Erst mit der Zeit habe ich dann begonnen mehr und mehr taktisches Wissen, welches mir dann angeeignet habe, einfließen zu lassen. Und selbst diese wahr und ist wohl noch sehr rudimentär im Vergleich zu manchen Experten hier.
Dennoch sehe ich deine Ausführungen nicht wirklich tauglich für alle Teams und Trainer. Natürlich sollte das Ziel sein, dass Kinder selbst entscheiden und variabel agieren können. Aber was wenn die Kinder dazu (noch) nicht in der Lage sind? Ihnen das Selbstvertrauen fehlt?

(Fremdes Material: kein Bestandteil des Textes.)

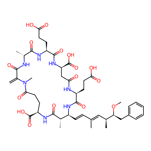 | SMILES | C=C1C(=O)N[C@H](C)C(=O)N[C@@H](CCC(=O)O)C(=O)N[C@@H](C(=O)O)CC(=O)N[C@@H](CCC(=O)O)C(=O)N[C@@H](/C=C/C(C)=C/[C@H](C)[C@H](CC2=CC=CC=C2)OC)[C@H](C)C(=O)N[C@@H](C(=O)O)CCC(=O)N1C |
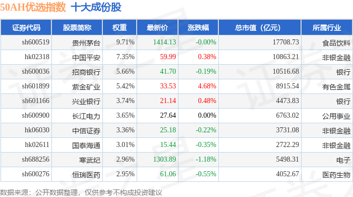 证券之星消息,12月26日,50AH优选(000170)指数报收于6212.5点,涨0.25%,成交570.06亿元,换手率0.5%。当日该指数成份股中,上涨的有15家,紫金矿业以4.68%的涨幅领涨,下跌的有30家,中国中免以2.94%的跌幅领跌。

Und hierbei müssen noch nicht einmal große Fehler im Training zuvor stattgefunden haben. Unsere Spieler hatten alles im Koffer was es braucht. Aber gerade im ersten Jahr der D-Jugend konnten Sie es schlicht noch nicht umsetzen. Daher bin ich dann wohl in einer ähnlichen Situation wie wir hier für die F-Jugend diskutieren.
Einerseits möchte ich möglichst dass alle selbst entscheiden und handeln und eben dieses nicht Einbremsen. Gleichzeit hilft ein Gerüst an Aufgaben und Positionen aber dabei eben dies zu entwickeln. Die Wahrheit liegt wohl für jedes Team irgendwo in der Mitte. Das heraus zu filtern ist aber für viele Hobbytrainer (wir reden über KiFu) nicht immer möglich. Aus diesem Grund sind viele Systeme wohl einfach zu starr in deiner Wahrnehmung.